By now the crew had noticed how well we got on with the girls, and it became something else for them to taunt us with. ‘It’s the budding Casanovas,’ said William Bedlington whenever he saw us on the fo’c’sle. ‘Give the girls a kiss from me,’ he’d leer. It wasn’t outright bullying, but like the little digs when we were holystoning the deck, or the shoves on the companionways, it was their way of telling us they didn’t like us.

CHAPTER 3
A Whiff of Sulphur

First we saw thin columns of smoke reaching up to the distant horizon, then mountain peaks, fuzzy through the heat haze, clearer as we grew nearer. Despite the danger we’d been told about, catching sight of the islands of the East Indies after the monotony of several weeks away from land was still exciting. We were making progress. ‘I don’t care how perilous they are, I’m volunteering for the first trip ashore,’ I said to Richard. ‘It’ll be good to get away from this scurvy lot.’

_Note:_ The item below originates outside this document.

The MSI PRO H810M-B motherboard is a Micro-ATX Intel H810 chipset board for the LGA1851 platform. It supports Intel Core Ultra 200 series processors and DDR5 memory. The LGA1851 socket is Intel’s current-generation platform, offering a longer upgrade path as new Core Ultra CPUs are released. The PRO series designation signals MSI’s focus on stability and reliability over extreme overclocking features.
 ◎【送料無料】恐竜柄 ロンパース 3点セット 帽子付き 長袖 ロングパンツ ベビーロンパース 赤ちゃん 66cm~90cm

The closer we got to land, the more it rained. We were
arriving in the middle of the wet season, where a sudden downpour would soak the dry timbers of the ship and bring a welcome cool to the heat of the day. But some days, as we sailed along that island chain, it would rain incessantly, and then everything and everyone would become drenched and soggy. Feeling cold was a novelty. After my time on the
Elephant
sailing through the North Sea at the tail end of winter, I never wanted to be that cold again.

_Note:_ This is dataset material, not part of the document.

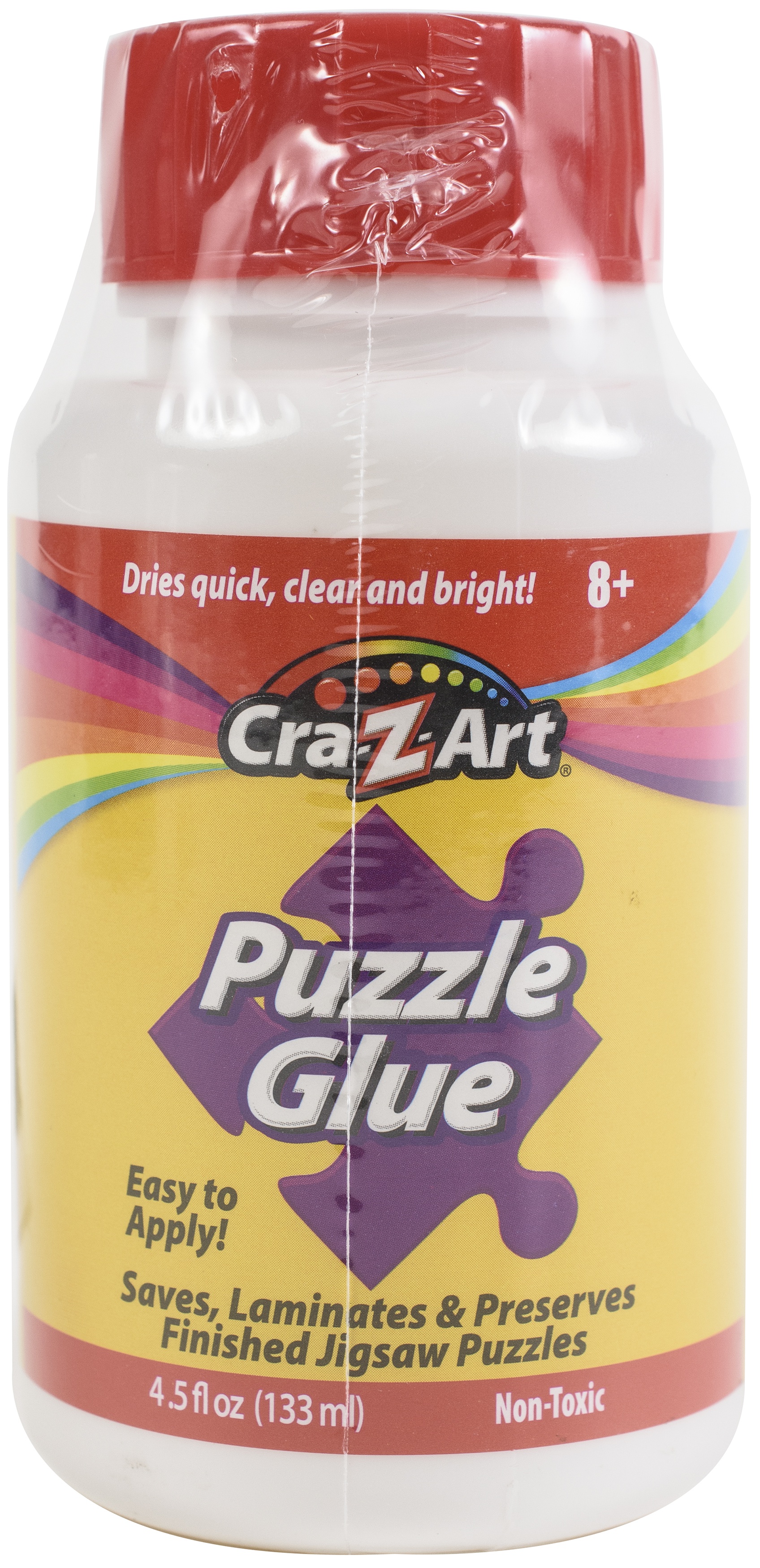 Cra-Z-Art Puzzle Glue is great for saving and displaying your completed puzzles. This glue is specially formulated for clarity and extra shine. It is easy to apply and dries clear. Each bottle includes a re-usable glue applicator.

Sighting land also meant we were another stage nearer to Coupang and the moment Richard would leave the ship was closer to hand. It wasn’t just the fact that I’d miss him that troubled me. Maybe the crew would be nastier to me when he was no longer around. Maybe I’d see less of Bel too, as Lizzie would no longer be drawn over to talk to Richard.

We had shared a lot of our free time talking with the girls recently. Lizzie Borrow would never mingle with our kind in her normal life, but she was intrigued by Richard. She often asked him about life in the New World. He was not remotely bashful about her station in life compared to his. Although he was an ordinary seaman on this ship, I suppose his family had money, like hers, and he had prospects.

I sometimes wondered if this friendship would make Lieutenant Hossack jealous and he would take it out on Richard. But he was so sure of his own social superiority
it didn’t even occur to him that he might have a rival for Lizzie’s affections.